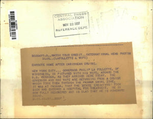 1937 Press Photo Mr&Mrs Philip LaFollette arrived from cruise, Panama Canal Zone
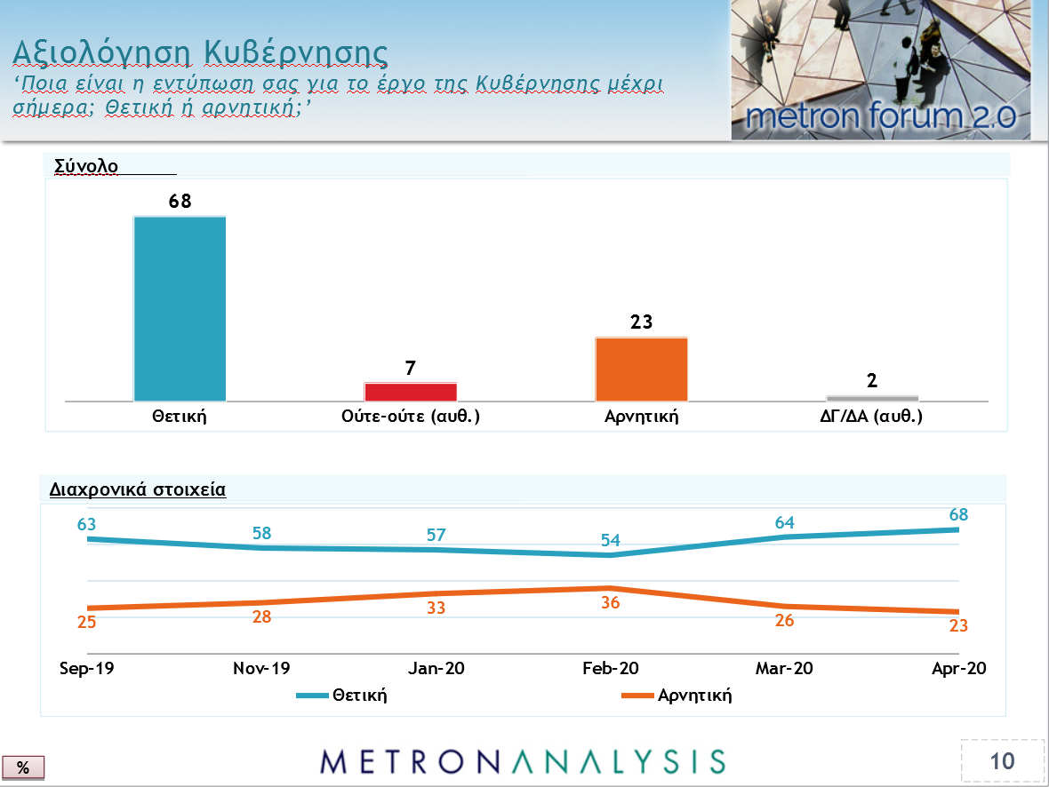 Στη δημοσκόπηση η κυβέρνηση αξιολογείται θετικά από σχεδόν 7 στους 10 πολίτες (68%) έναντι 23% που την κρίνουν αρνητικά.
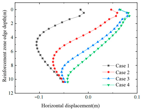 Lateral displacement of a soil layer results from the cumulative movement of that layer and all underlying strata. To quantify how air-bag embedment depth affects post-improvement lateral deformation and effective stress, four numerical cases with different bag depths were analyzed; the details are listed in Table 3.
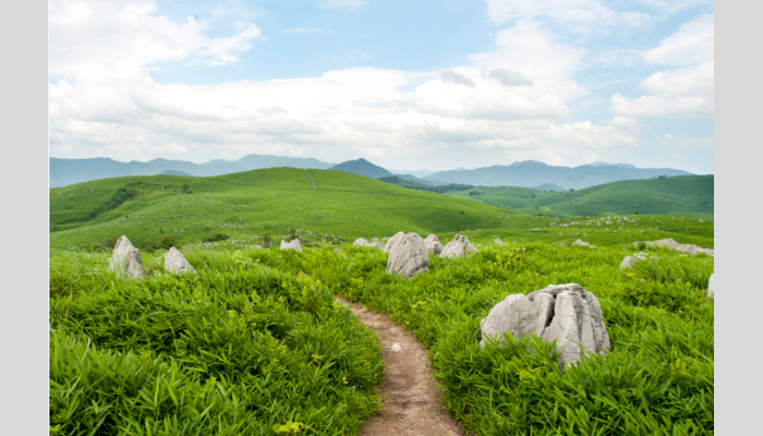 - 各地発(鴨島5:45=徳島6:30=松茂専用駐車場7:00)=<瀬戸大橋>=秋吉台(日本最大級のカルスト台地)=角島展望台(角島大橋のビュースポット)=<角島大橋>
----------------------------------------
Return all the data above as written, leaving out only the pictures.

 1937 Press Photo Mr&Mrs Philip LaFollette arrived from cruise, Panama Canal Zone
 Στη δημοσκόπηση η κυβέρνηση αξιολογείται θετικά από σχεδόν 7 στους 10 πολίτες (68%) έναντι 23% που την κρίνουν αρνητικά.
 Lateral displacement of a soil layer results from the cumulative movement of that layer and all underlying strata. To quantify how air-bag embedment depth affects post-improvement lateral deformation and effective stress, four numerical cases with different bag depths were analyzed; the details are listed in Table 3.
 - 各地発(鴨島5:45=徳島6:30=松茂専用駐車場7:00)=<瀬戸大橋>=秋吉台(日本最大級のカルスト台地)=角島展望台(角島大橋のビュースポット)=<角島大橋>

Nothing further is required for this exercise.